WORK REQUIRED: Once you reach the line with "48. <무제 영화 스틸 #21>, 1978" in the material below, copy each line exactly up to and including the line with "Typisch japanische Landschaft", and skip the pictures.

########

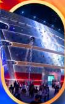
เรือคอะหลุยส์
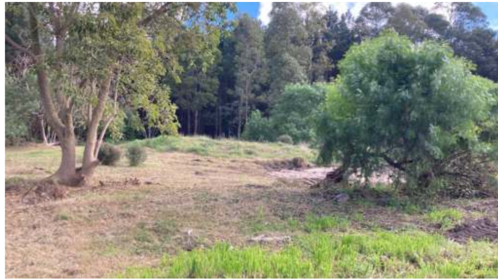
Hito simbólico - Jardín de herbáceas
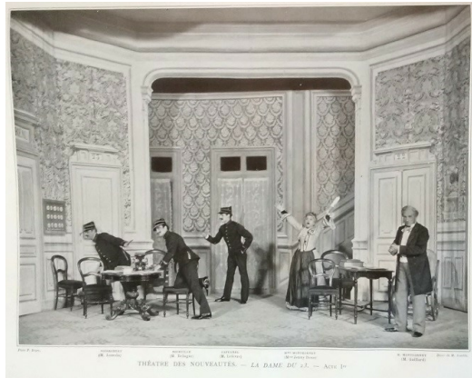
Illustration 8 : La Dame du 23 .

Ailleurs, ce sont les poses outrées, les équilibres instables, qui, au-delà du grotesque du référent, semblent jaillis d'un autre monde, comme annonçant déjà certaines tentatives surréalistes (illustrations 8 et 9).
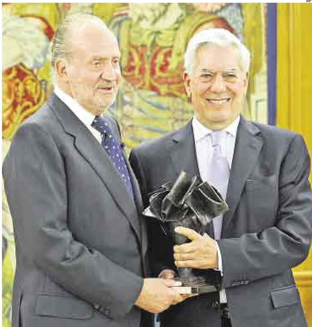
GALARDÓN. Mario Vargas Llosa recibió ayer de manos del rey Juan Carlos el premio Don Quijote.

queremos tener valores y desvalores claramente definidos.
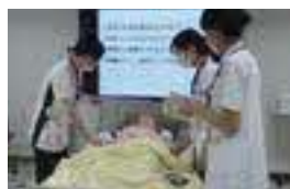
フィジカルアセスメント研修
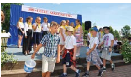
Przystępujemy do budowania swojej szkoły
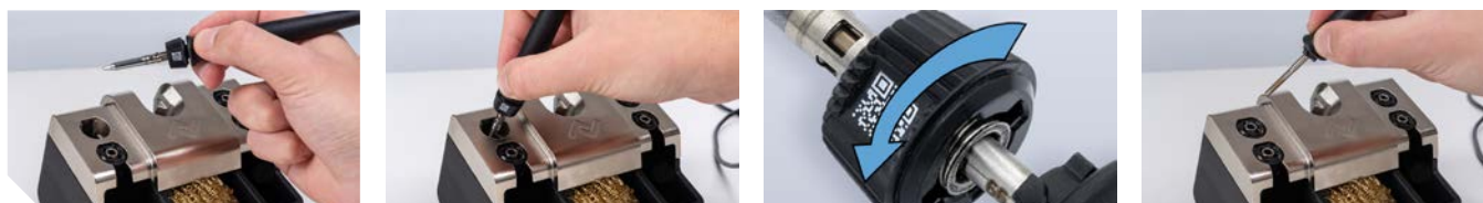
Blitzschneller Spitzenwechsel: von Hand oder mit Hilfe des Ablageständers 0A58. Dieser ist kompatibel mit i-TOOL TRACE und allen Lötkolben der i-TOOL MK2 Serie (optional).
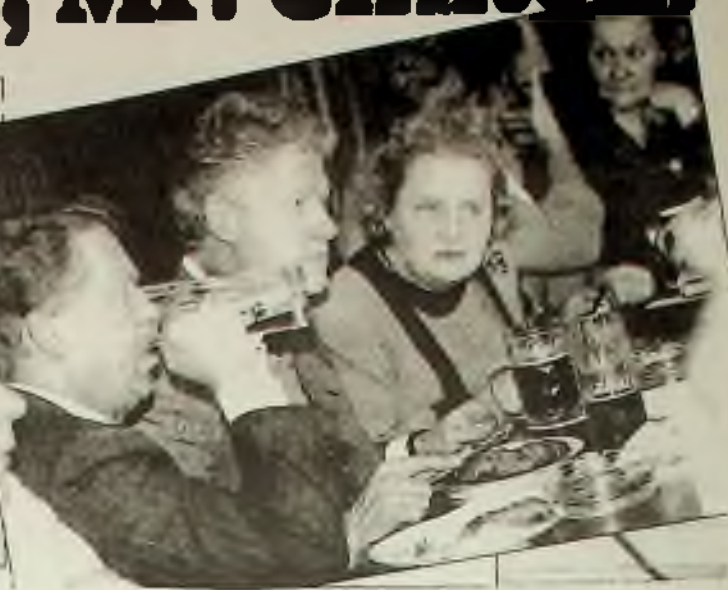
Večeře v hospodě "U tygra"
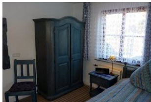
Viel Stauraum für Ihr Gepäck.
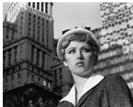
48. <무제 영화 스틸 #21>, 1978
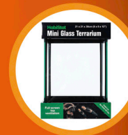
Glass Terrarium 20 x 20 x 30cm
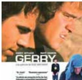
Gerry Matt Damon Gerry Casey Affleck
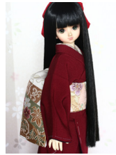
だらし帯短冊MSDサイズmob-0042
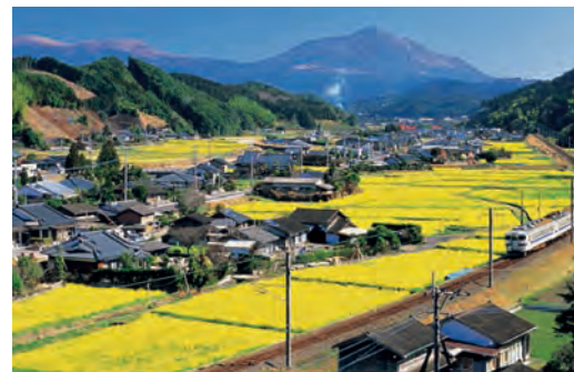
Typisch japanische Landschaft

Tor zu schwimmen und bildet mit dem roten Balkenwerk einen überaus malerischen Anblick. Nachmittags Fahrt mit dem Shinkansen-Superexpress-Schnellzug bis Osaka und von dort mit einem Lokalzug bis zum Mt. Koya. Im Laufe des Nachmittags Ankunft auf dem Klosterberg und Gelegenheit, den Kongobuchi-Tempel sowie die Grabstätten von Kobo Daishi zu sehen. Der Koya-Berg ist berühmt als Zentrum der buddhistischen Shingon-Sekte, deren Tradition bis auf das Jahr 816 zurückgeht. Auf den abgeflachten Gipfeln befinden sich heute 154 Tempel. Wir werden in einem dieser Tempel übernachten und ein vegetarisches Abendessen einnehmen.
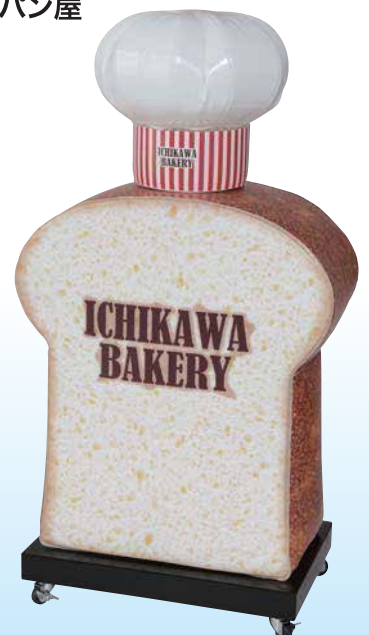
★名入れイメージ 寸法: W.600×D.400×H.1270(mm) ※内照式ではありません
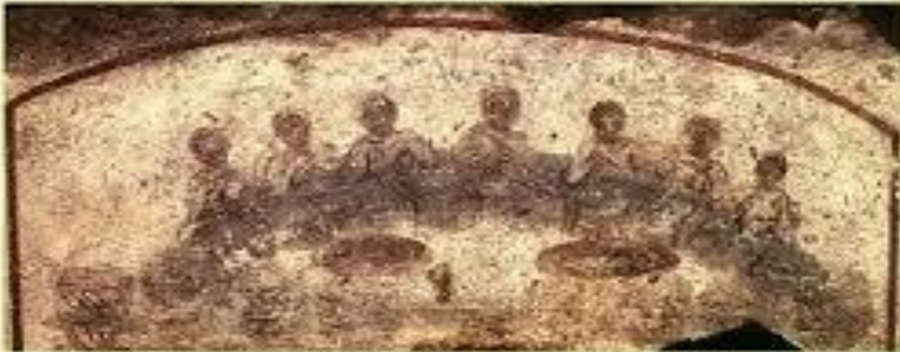
Posljednja večera, freska iz katakombe sv. Kalista (San Callisto) u Rimu, 3. st.

Osim Očenaša zajednica nema neku konkretnu molitvenu „formulu“, već je molitva prepuštena spontanosti kako zajednice, tako i njezina sabiratelja. Više možemo govoriti o „književnoj vrsti“ molitve koji se polako rađa na tim sastancima i iz kojega će onda (iza apostolskog vremena) polako formulirati pojedini obrasci molitve, vezani osobito za kršćanski sastanak. U prvoj zajednici molitva proizlazi iz doživljaja i iskustva vjere kao o određenih konkretnih situacija koje toga trenutka proživljava. Pogledajmo barem u kratkim crtama Djela apostolska:
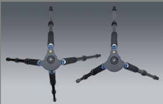
QP V Q LEG A2830 SET
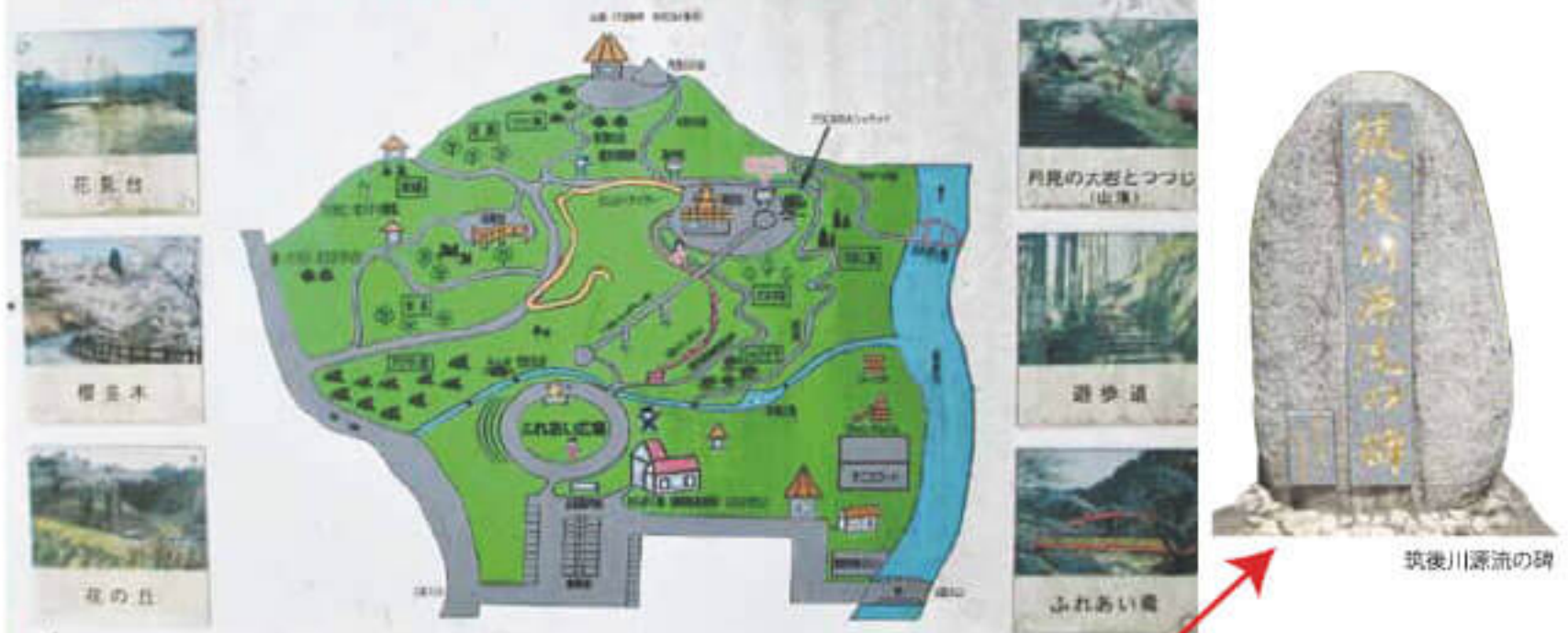
高取山公園の案内図
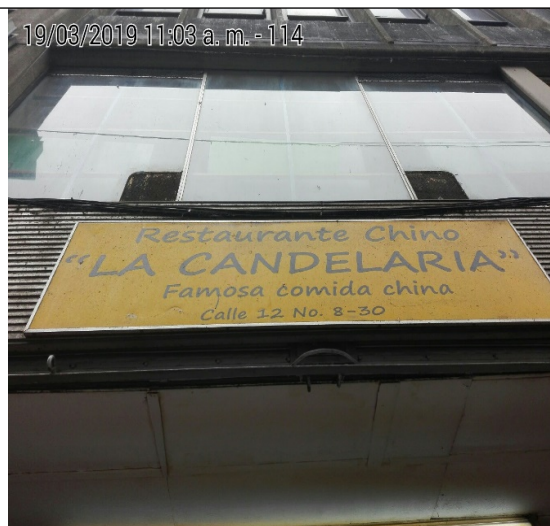
Fotografía No.2 Nomenclatura urbana del establecimiento.
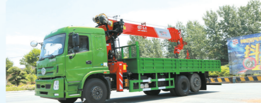
▲三环T280昊龙驾驶室气囊桥上装长12吨直臂式吊机
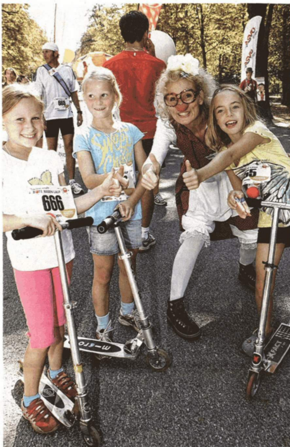
Der Spaß steht beim ROTE NASEN LAUF im Vordergrund

INFO UND ANMELDUNG ROTE NASEN LAUF Wien, Sonntag, 16. Sept. 2012, 9–15 Uhr, Start: Prater Hauptallee, Höhe Meiereistraße (Stadion), 1020 Wien; Anmeldung: Online bis heute, 14. Sept., 12 Uhr oder beim Lauf vor Ort; Startspende: Erw. 9 €, Kd. u. Jugendl. bis 18 J. 4 €, Fam. (ab 1 Kind) 18 €, Gruppen (ab 10 P.) 7 € p.P.; Infos und Anmeldung zu allen Läufen österreichweit unter: www.rotenasenlauf.at
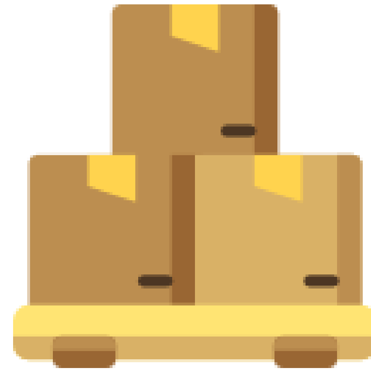
Cadena de suministro
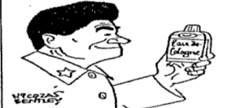
Τό προτραίτο ενός Ρώσου που λέγει «ναί».

Μιά φορά γνώρισα έναν κουρέα που έυρισε τους ήγέτας του Κρεμλίνου και μεθ' άπεκάλυψε ότι τά τελευταία χρόνια της ζωής του ό Στάλιν έχανε τά μαλλιά του επικίνδυνος, αλλά χάρις εις τό τμήμα προπαγάνδας δεν φαινόταν στις φωτογραφίες χάρης
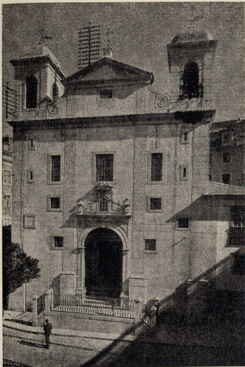
IGREJA DE S. CRISTÓVAO Fachada principal
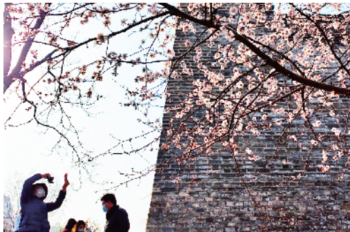
明城墙遗址公园，春花 in 城墙的映衬下娇艳欲滴
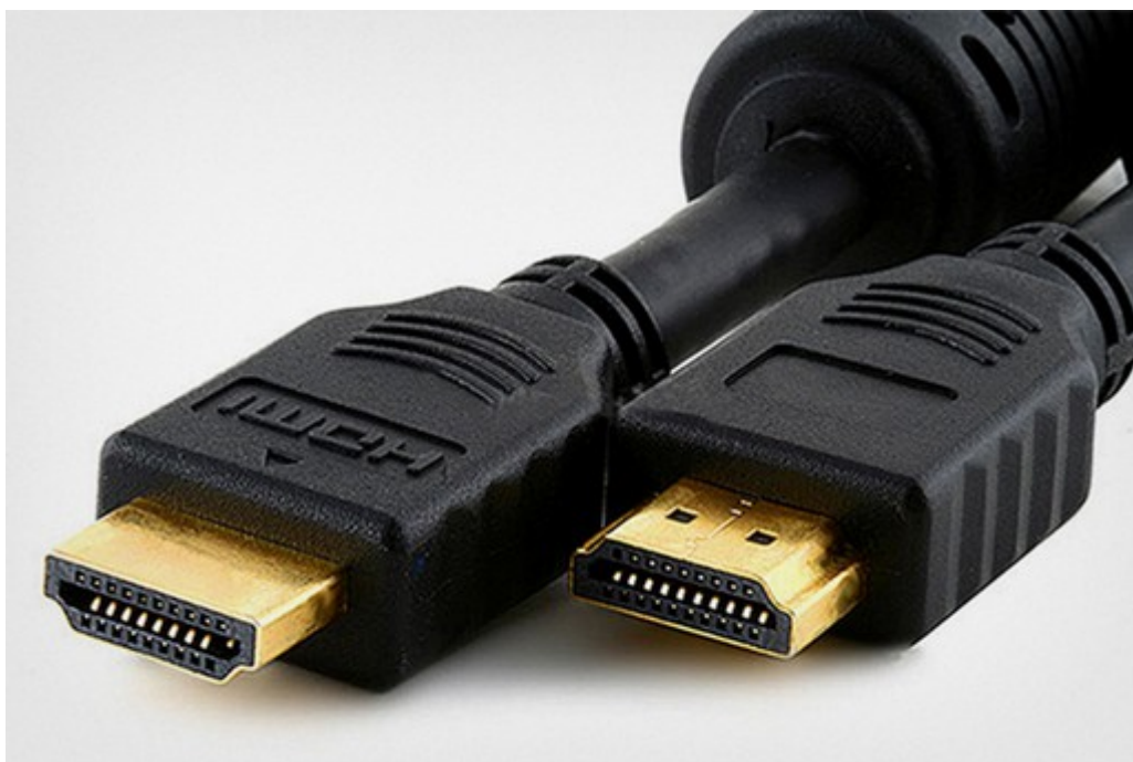
插图 4: HDMI 连接电缆

大家可以在电脑和电视上寻找是否有 HDMI 接口，一般接口附近也会有“HDMI”的字样。有的电视会有超过一个的 HDMI 接口。HDMI 电缆如下图所示：

########

RESULT:
48. <무제 영화 스틸 #21>, 1978
Glass Terrarium 20 x 20 x 30cm
Gerry Matt Damon Gerry Casey Affleck
だらし帯短冊MSDサイズmob-0042
Typisch japanische Landschaft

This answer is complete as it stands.